Some bloggers have managed to write about their sex lives and remain anonymous – it requires being very, very careful. She lists Eros blogas an author who has protected her identity for several years. “Girl With a One Track Mind” wasn’t so lucky. She blogged as “Abby Lee” and documented her sexual experiences, eventually publishing a book based on the blog. She was outed in the UK tabloids three days after publishing the book. In her real identity, Zoe Margolis, she lost her job in the film industry, wasn’t made rich by the book, and had the embarrasing experience of having her ex-lovers read precisely what she thought of them.
“We should be participants, never victims. That’s me. I know that to be online is to be sexualized.” In her sex counseling, she talks about “safer sex” – sex is never 100% safe. People make poor choices, but we can educate them to the risks and help them make better ones.

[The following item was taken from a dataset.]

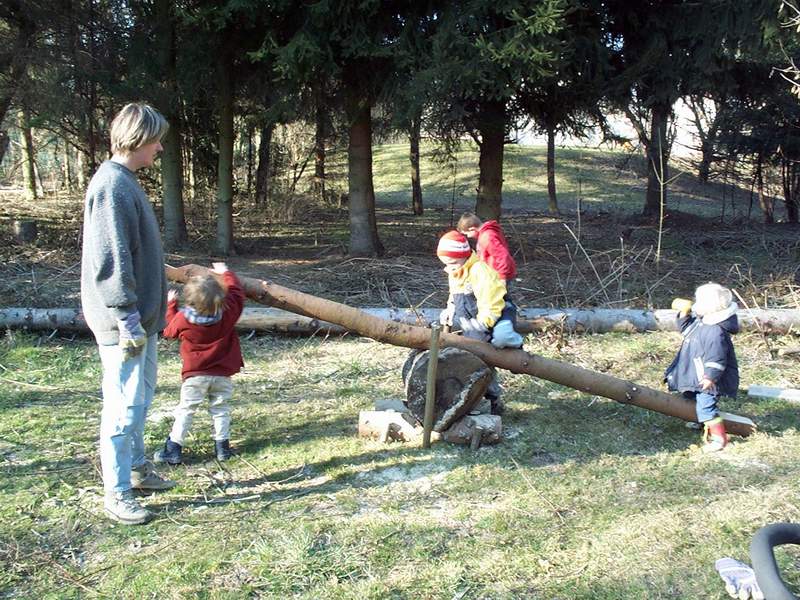 der ersten Tipis und die selbst gebaute Wippe. Diese gibt

So Blue uses her real name and talks about her blogging policy with all lovers. She now no longer will date people who want their sexual experiences to be kept out of the blog. “My events and experiences are always real. I own who I am. My lovers are real.”
She outlines some of the perils of sex blogging – her article on Wikipedia is vandalized regularly, and she’s received three death threats since she began writing for the Chronicle – all of which she’s posted on her site. The upside – she gets a lot of mail from people who thank her for publishing online, for speaking honestly and frankly about these matters.
Her talk was a bit staged and prepared for my taste, but hey, I suspect that if I stood in front of 200 people and talked about my sex life, I’d have some very careful notes as well. I can’t chalenge her assertions about the sexualization of online life, much as I’d like to – I’m not female, don’t write about sex, and there doesn’t appear to be a widespread fetish for balding, overweight geeks who write about foreign policy. But I would offer a mild caution on the subject of online anonymity. It’s not impossible to be anonymous online – it’s just very difficult to do it right. There are good reasons to try to be completely anonymous online, many of them non-sexual, but it’s a provocative challenge to think about whether one really needs to be hidden when people like Blue are this out in public.